While he is no longer involved in the Maison Blanc chain of bakery-cafés, he still juggles numerous other projects from launching a cultural festival to advising the government on sustainability issues; from mentoring JJ and James to setting up a specialist rare-breeds farm. He is quick to credit those around him (see Napoleon’s generals panel): Derry and John Lederer at Brasserie Blanc; Gary Jones, Philip Newman-Hall and others at Le Manoir. But Blanc remains a constantly whirring, multi-tasking madcap machine.
And, of course, he’s still got time to teach young chefs how to prepare a decent bowl of mussels.

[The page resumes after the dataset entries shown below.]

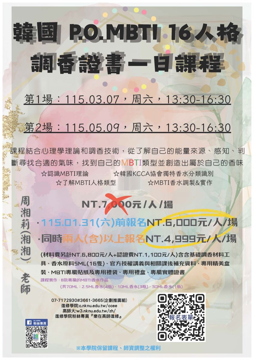 韓國 P.O.MBTI 官方系統 人格分析 × 調香實作 完成即獲專屬實體證書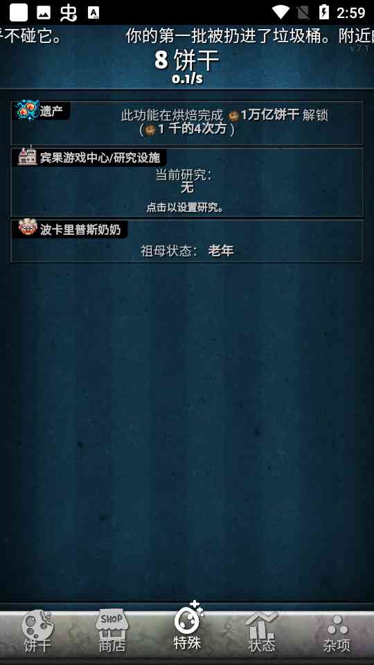 简直了。 -游戏内没有关卡设定,导致长时间的游玩体验正反馈不足,除了数字一直在几何增长,没有明确的目标没有方向,很容易感觉不知道在玩什么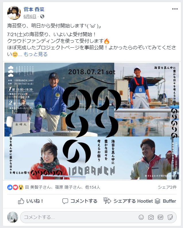情報発信を始めるタイミングは、公開の1週間以上前からがおすすめです。公開後に「始まりました!」と伝えるのではなく、公開前から「こんなことをやりたいと考えています」と広めることで、ワクワク感を伝えたり、支援者側も心やお金の準備をすることができ、いざスタートしたタイミングで勢いをつけることができます。 クラウドファンディングでは初日で目標金額の30%を集めると成功確率があがる傾向にありますので、スタートダッシュを大切にしましょう。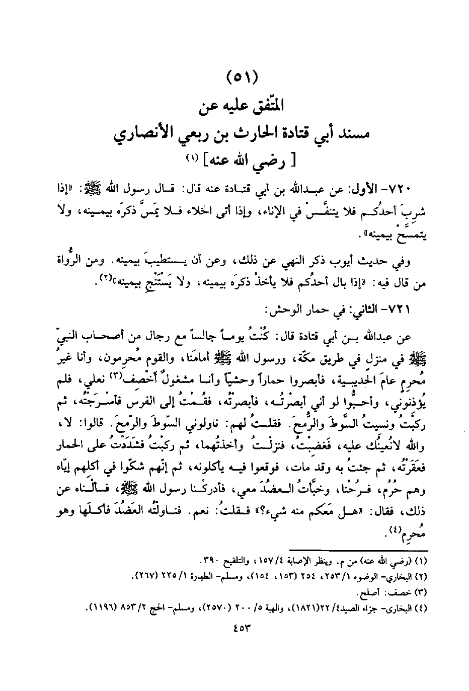 (51) الْمُتَّفق عَلَيْهِ عَن مُسْند أبي قَتَادَة الْحَارِث بن ربعي الْأنْصَارِيّ [رَضِي الله عَنهُ]
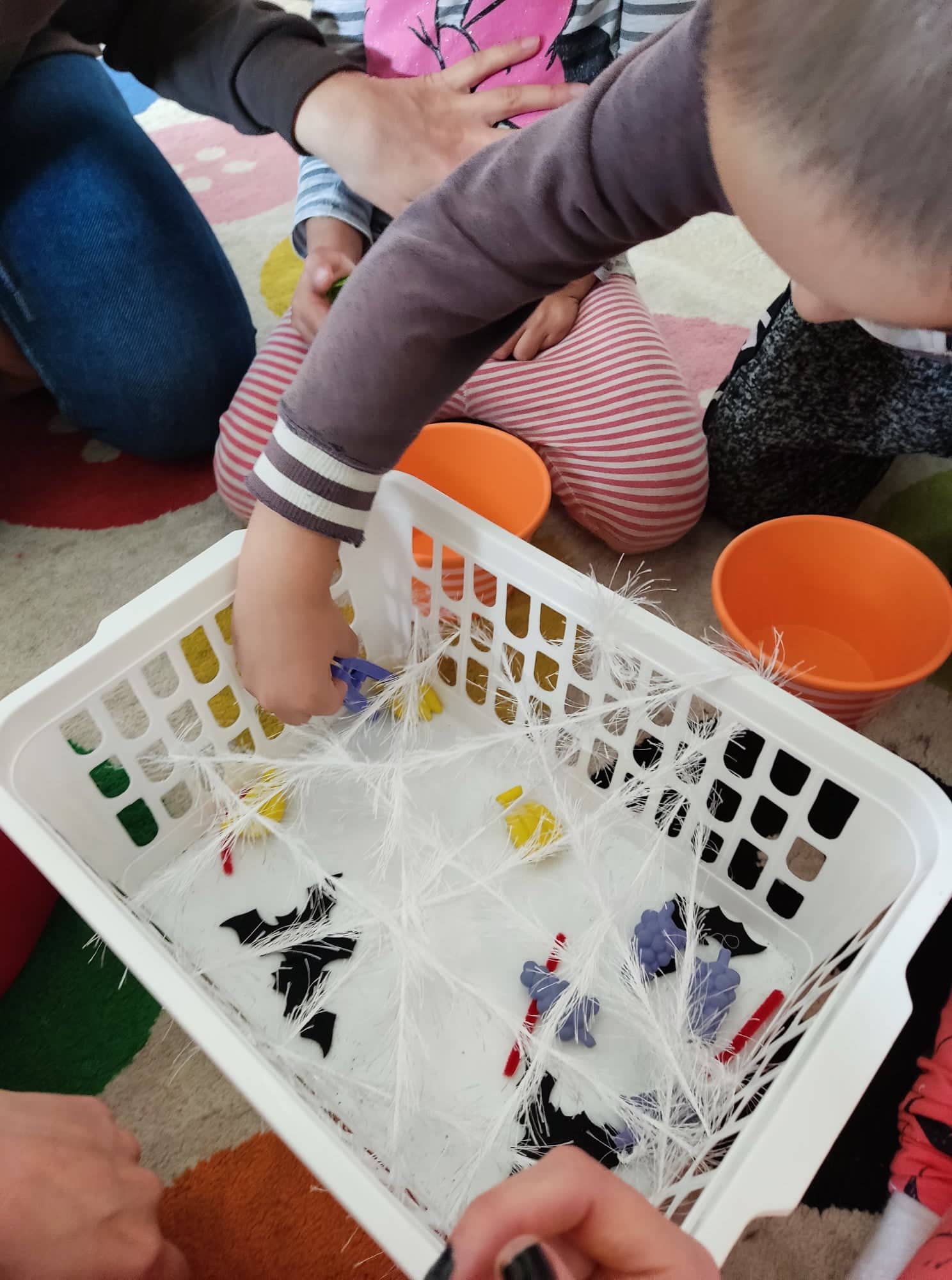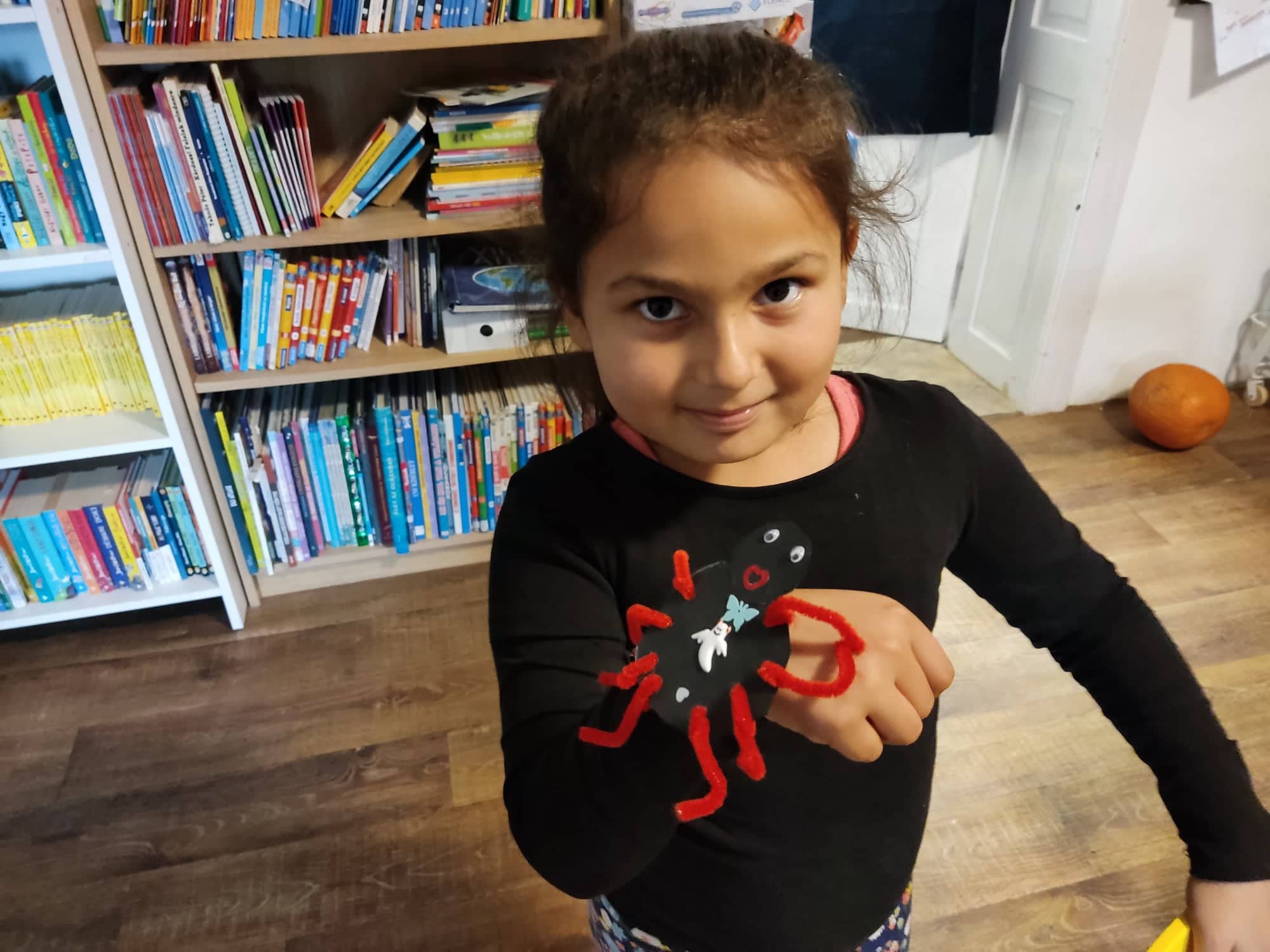 A kiscsoportban, egyéni tanulásra érkezőket az órarendnek megfelelően fogadtuk. Ráhangolódásként, megérkezésként szellemes, tökös, koponyás Tic Tac Toe partik pörögtek majd jöhetett az első kihívás, ami a hallott szöveg értésére épült, mert bizony itt még a tanulás is szerepet kapott. Szellemek meséltek rímekben, a gyerekeknek pedig döntéseket kellett hozniuk, varázsfőzet hozzávalókat kellett megjegyezniük, hogy megtalálják az elátkozott tanoda kulcsát. Ezután boszorkányos matek következett, ahol bizony csupa olyan dolgot számolgattunk – szemek, körmök stb. -, amiket hétköznap nem szokás. A lezárás pedig egy közös, pókos kézműveskedés volt.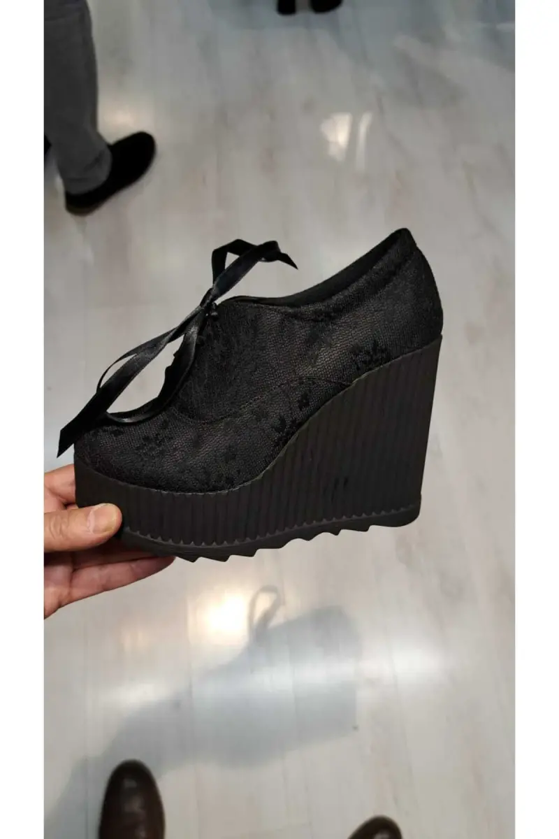 Dolgu Topuk Ayakkabı, Siyah Spor Gelin, Abiye ve Nişan Ayakkabısı 1-94377, 11-12 cm. -Siyah Dantelli Kumaş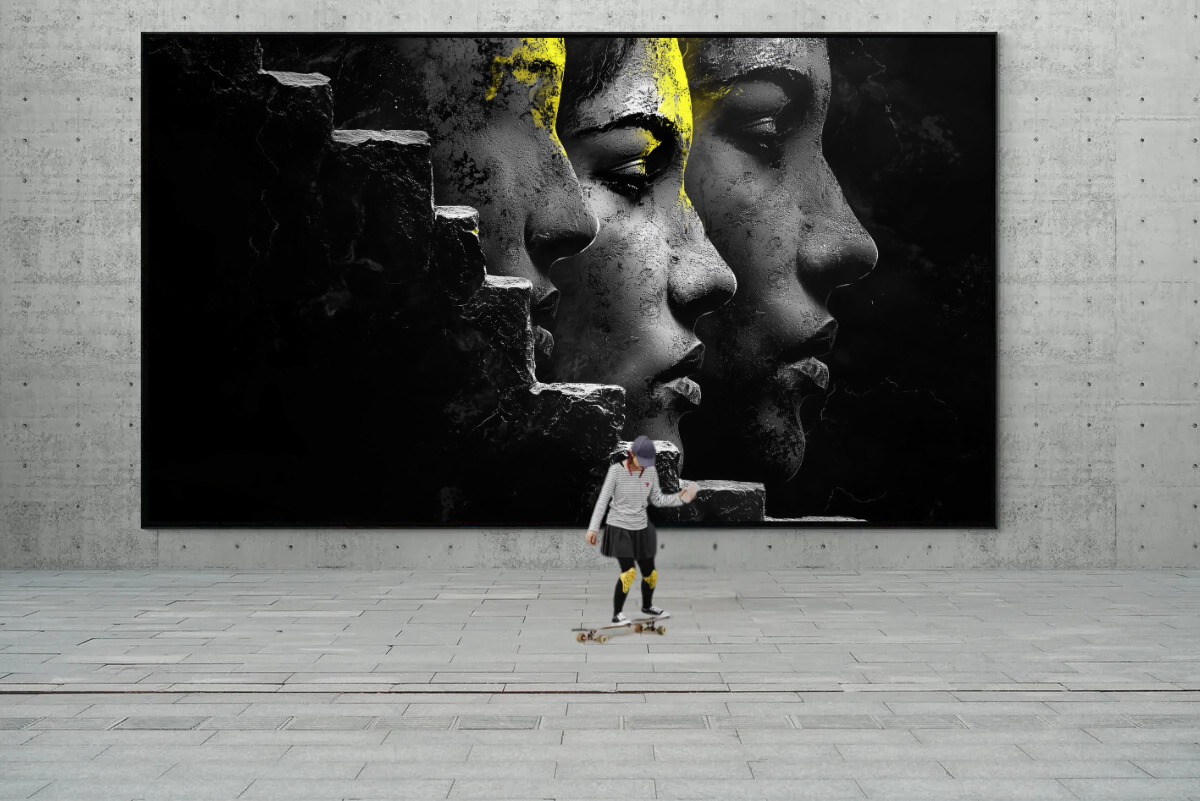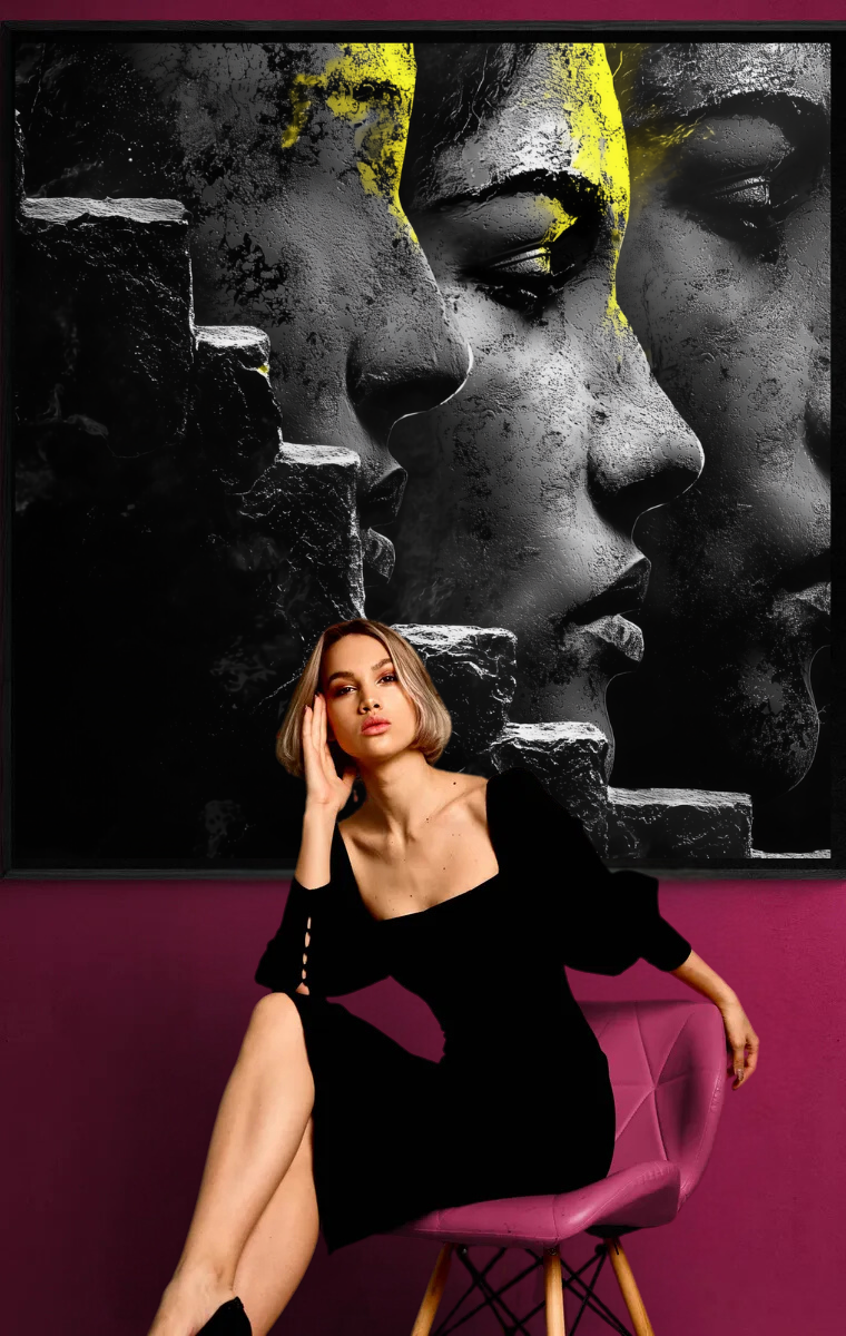 - Symbolismus: Die Kombination aus Gesichtern, Stufen und Texturen erzählt eine kraftvolle Geschichte von Identität und Transformation.

Napoleon’s generals: five Englishmen behind one French emperor
“A field marshal needs solid generals around him, ” says Raymond Blanc. “No one can be good at everything, so you have to surround yourself with good people, especially in your fields of weakness. It’s important to know your own skill sets. When you’ve eaten a few humble pies like me, you learn from those experience: you look back, work out what you did wrong and go again.”
Mark Derry
chief executive, Brasserie Bar Co
The financial brains behind Brasserie Blanc made his name building Loch Fyne into a national chain with a sustainable ethos before selling it on to Greene King for £70m. His role is to raise the finance, liaise with investors, oversee property and development opportunities and to “make sure we don’t fall over as we charge forward”.
Philip Newman-Hall
general manager, Le Manoir aux Quat’Saisons
It’s no fluke that Blanc’s luxury country hotel remains not only one of the finest, but also the most enduringly popular, in the entire country. Newman-Hall was lured back to the Oxfordshire destination in 2009 by Blanc after a five-year hiatus and has raised its already sky-high standards further with meticulous attention to detail, a focus on staff training and an unmatched guest service culture.
John Lederer
managing director, Brasserie Blanc and White Brasserie
This long-time Blanc general runs the Brasserie Blanc business on a day to day basis, and recently developed its sister operation The White Brasserie Company. Born in France, Lederer was also one of Raymond’s on-screen advisors for the hugely successful BBC TV show The Restaurant.
Clive Fretwell
executive chef, Brasserie Blanc
A well-respected chef, Fretwell has worked with Blanc for nearly a quarter of a century, initially at Le Manoir, where he rose to become head chef, and then at Le Petit Blanc. He has been in charge of the food at Brasserie Blanc for more than 10 years and is currently personally training up the kitchen staff at the new Opera Terrace flagship.
Gary Jones
executive head chef, Le Manoir aux Quat’Saisons
Jones has been running the kitchen at Blanc’s two-star restaurant at Le Manoir since 1999, following a stint there as sous chef earlier in his career. The unassuming Merseyside-born chef presides over a brigade of 45, turning out brilliantly accurate fine dining meals in almost banquet-like volumes while at the same time maintaining gastronomic flair.